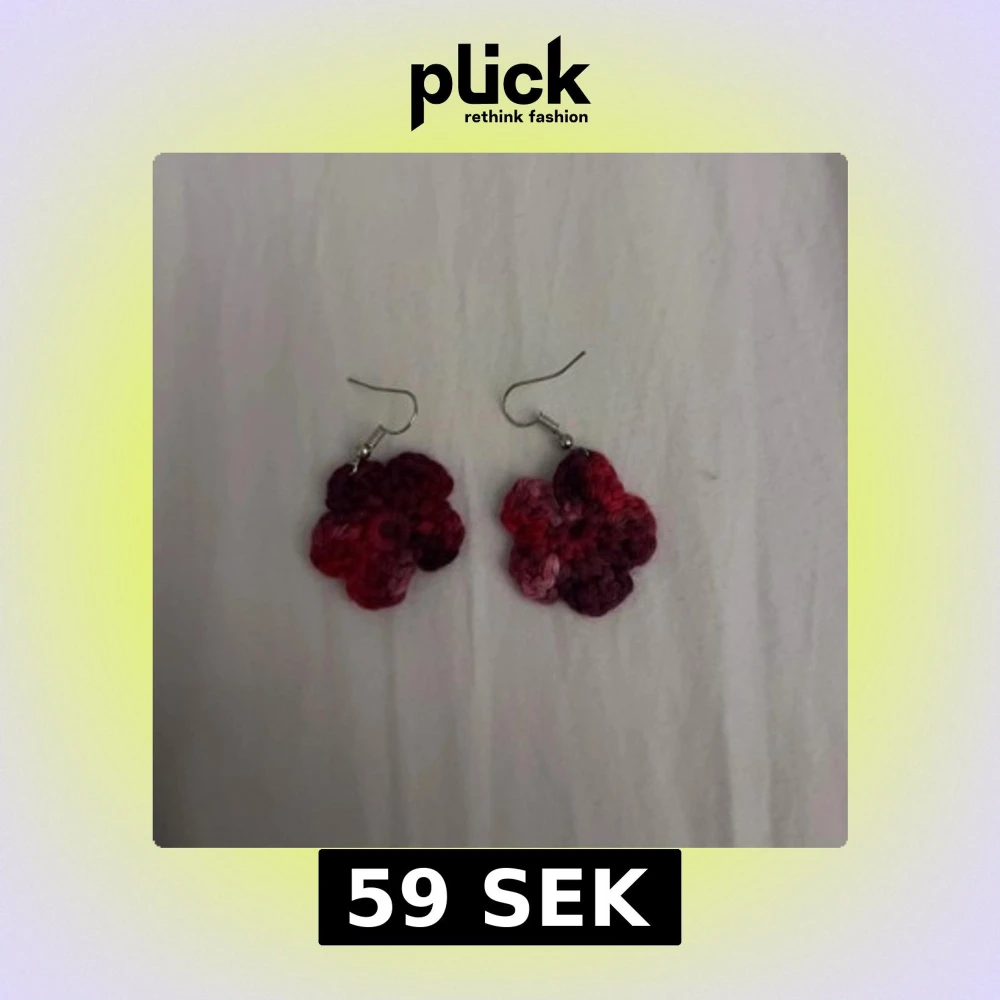 Säljer ett par handgjorda virkade örhängen i form av blommor i olika nyanser av rött och rosa. Perfekta för att ge en färgklick till din outfit! Hängande modell med metallkrok.
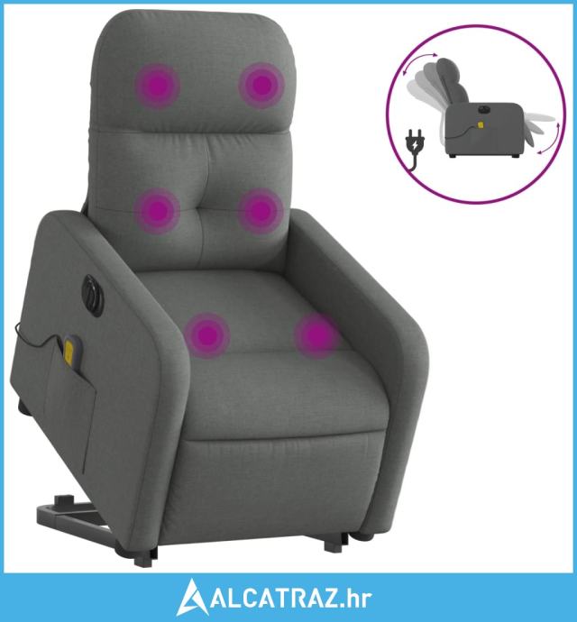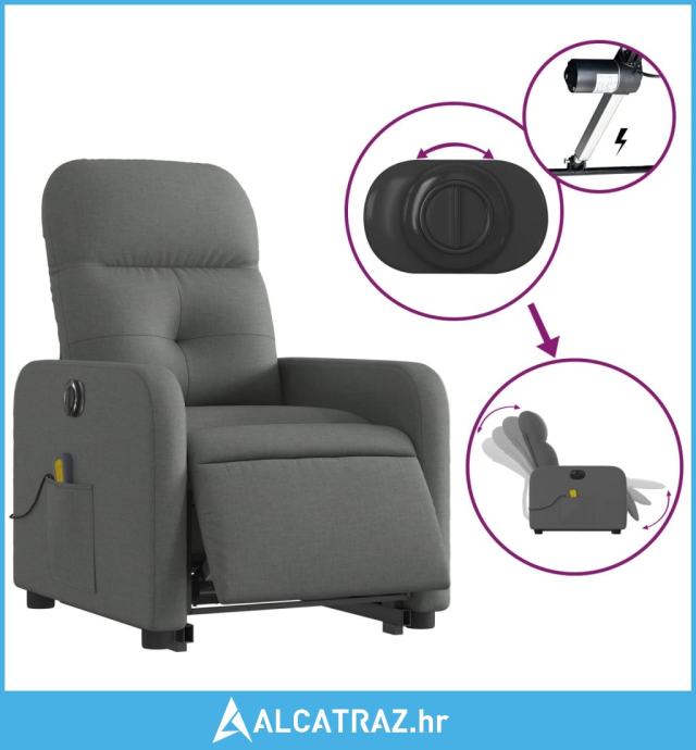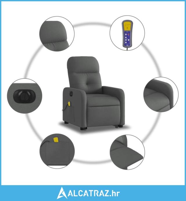 Električni masažni naslonjač na podizanje od tkanine tamnosivi - NOVO
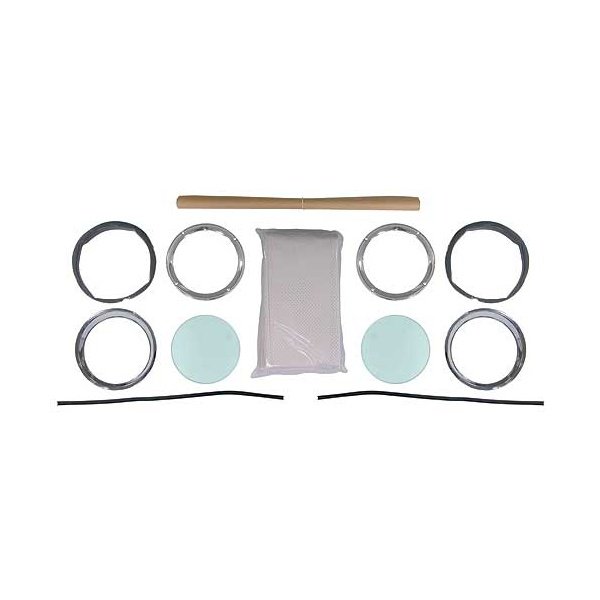 Porthole kits include inside and outside rings, rubber seals, clear or tinted glass, spacers, 4 bow headliner in either white or bone, template and instructions. Hardware is not included. To purchase the hardware kit see B6S-4030000-KT.
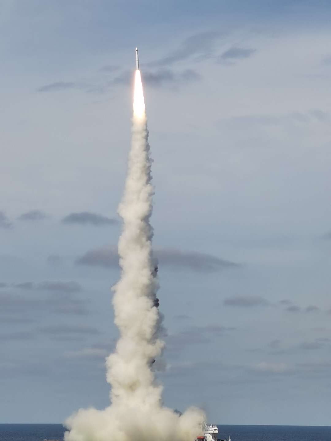9月15日,長征十一號運載火箭在黃海海域,“一箭九星”發射成功(王偉童 攝)
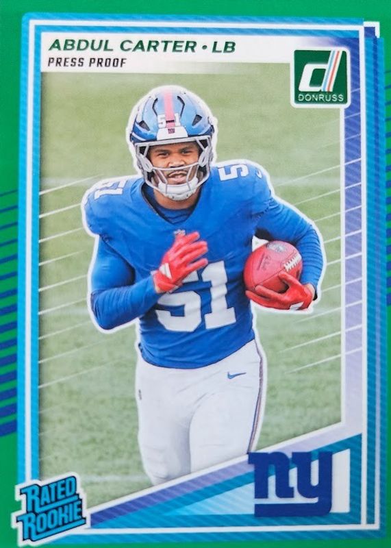 The Abdul Carter 2025 Donruss #315 Press Proof Green Rookie card in Raw condition has moved down -$0.03 (-1.5%) in the last 30 days and was last sold for $1.97 .
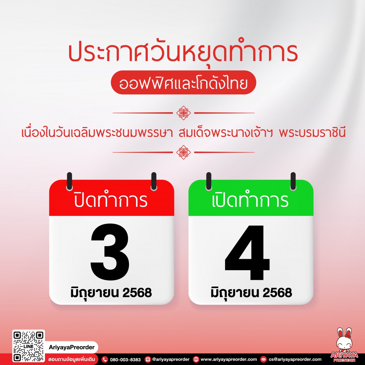 ทางออฟฟิศและโกดังไทย หยุดทำการในวันที่ 3 มิถุนายน 2568 และ จะเปิดให้ทำการในวันที่ 4 มิถุนายน 2568
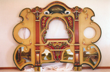 Here are two side panels; the original, de-laminated one, and the recreated new one, with the carvings from the original moved to it and painted in original colours.
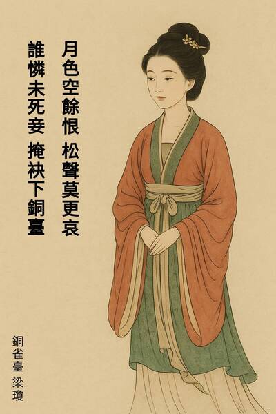 ~ 琅嬛記:郭暖宴客,有婢鏡兒善彈箏,姿色絕代,李端在坐時,竊寓目,屬意甚深。曖覺之,曰:「李生能以彈箏為題,賦詩娛客,吾當不惜此女。」李即席口號曰「鳴箏金粟柱,素手玉房前。欲得周郎顧,時時誤拂弦。」...
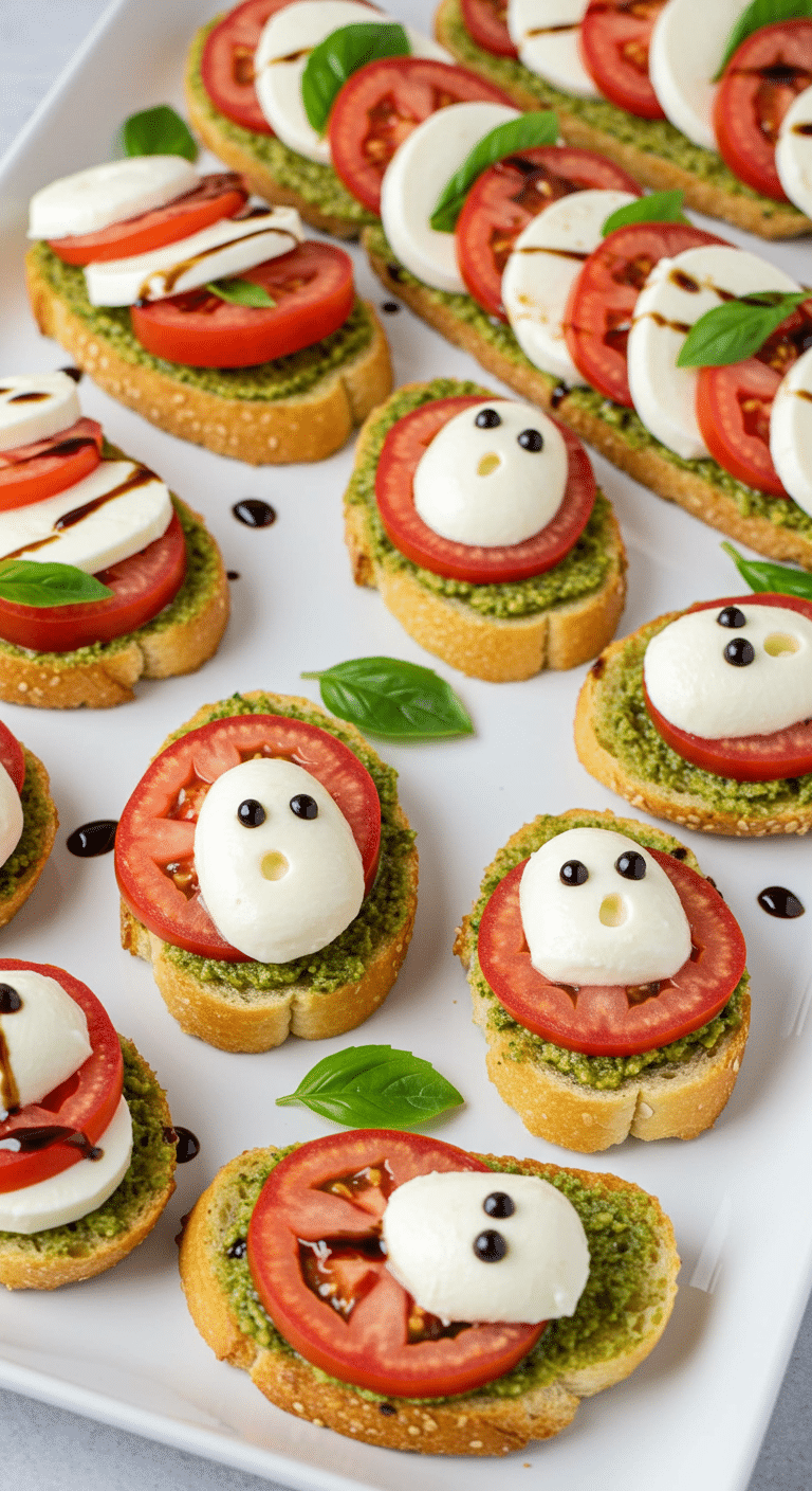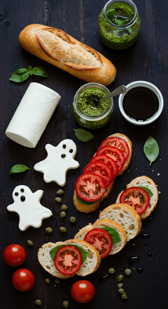 The Caprese Crostini Ghosts are all about combining fresh flavors with a spooky presentation. Here’s how to make them a Halloween hit:

WORK TO COMPLETE: Apart from the pictures, restate all of the listing above exactly.

WRITTEN RESPONSE:
 Säljer ett par handgjorda virkade örhängen i form av blommor i olika nyanser av rött och rosa. Perfekta för att ge en färgklick till din outfit! Hängande modell med metallkrok.
 Električni masažni naslonjač na podizanje od tkanine tamnosivi - NOVO
 Porthole kits include inside and outside rings, rubber seals, clear or tinted glass, spacers, 4 bow headliner in either white or bone, template and instructions. Hardware is not included. To purchase the hardware kit see B6S-4030000-KT.
9月15日,長征十一號運載火箭在黃海海域,“一箭九星”發射成功(王偉童 攝)
 The Abdul Carter 2025 Donruss #315 Press Proof Green Rookie card in Raw condition has moved down -$0.03 (-1.5%) in the last 30 days and was last sold for $1.97 .
 ทางออฟฟิศและโกดังไทย หยุดทำการในวันที่ 3 มิถุนายน 2568 และ จะเปิดให้ทำการในวันที่ 4 มิถุนายน 2568
 Here are two side panels; the original, de-laminated one, and the recreated new one, with the carvings from the original moved to it and painted in original colours.
 ~ 琅嬛記:郭暖宴客,有婢鏡兒善彈箏,姿色絕代,李端在坐時,竊寓目,屬意甚深。曖覺之,曰:「李生能以彈箏為題,賦詩娛客,吾當不惜此女。」李即席口號曰「鳴箏金粟柱,素手玉房前。欲得周郎顧,時時誤拂弦。」...
 The Caprese Crostini Ghosts are all about combining fresh flavors with a spooky presentation. Here’s how to make them a Halloween hit:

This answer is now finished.